Jika terbukti bersalah, kata Maria, mantan Sesjamdatun Chaerul Amir, sudah mencoreng lembaga Adhyaksa dan melanggar doktrin Kejaksaan yang termaktub pada Tri Krama Adhyaksa yakni, Wicaksana yaitu, bijaksana dalam tutur kata dan tingkah laku, khususnya dalam penerapan kekuasaan dan kewenangannya.

“Alat bukti lengkap dengan dua orang saksi atau lebih, bukti surat, bukti petunjuk, tinggal Kejaksaan periksa ahli, bahkan keterangan terdakwa atau pelaku sudah ada. Bahkan, Natalia Rusli sudah ngaku terima uang Rp550 juta dalam bentuk 100 dollar Amerika didepan Sesjamwas Kejagung ketika dikonfrontir,” ungkap Maria.
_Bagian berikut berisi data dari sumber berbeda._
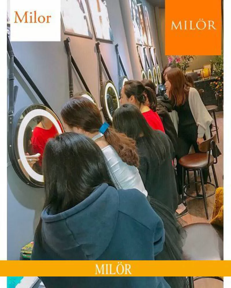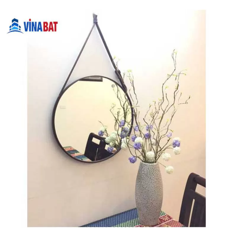 1YRSGương tròn trang điểm treo tường dâu da vô cùng bền bỉ và chắc chắn

Dari Rp550 juta itu, sambung Maria, Rp50 jutanya diterima Natalia Rusli melalui transfer ke rekening bank atas nama Sheilla Ariestia Edina, terkait urusan penangguhan penahanan yang perkaranya tengah ditangani Kejaksaan Tinggi (Kejati) Jawa Timur yang ternyata tidak diurus atau tidak terbukti alias bohong.

“Alat bukti lengkap dan tindakan pidana ada, pelaku ada. Apakah Jaksa Agung benar-benar tegas mau bersihkan institusi Kejaksaan atau cuma pencitraan saja? Kita buktikan, silahkan masyarakat memantau perkembangannya dan menilai sendiri,” tuturnya.

Masih kata Maria, dukungan itu juga datang dari LQ Indonesia Law Firm yang bersedia menjadi saksi fakta dan menyerahkan semua alat bukti apabila Kejaksaan Agung RI serius mau memproses secara pidana dugaan gratifikasi sebagai deterrence effect atau efek jera terhadap para oknum Jaksa nakal yang merusak nama baik Kejaksaan.

“Coba Jaksa Agung simak sendiri, Kapuspenkum ketika ditanya apakah pencopotan terkait mafia kasus, dijawab ‘sesuai yang beredar’, lalu tunggu apalagi Jaksa Agung, pemimpin tertinggi Kejaksaan mengetahui adanya gratifikasi di depan matanya, tapi hanya dicopot saja?. Lalu apa gunanya UU Tipikor?,” sindir Maria.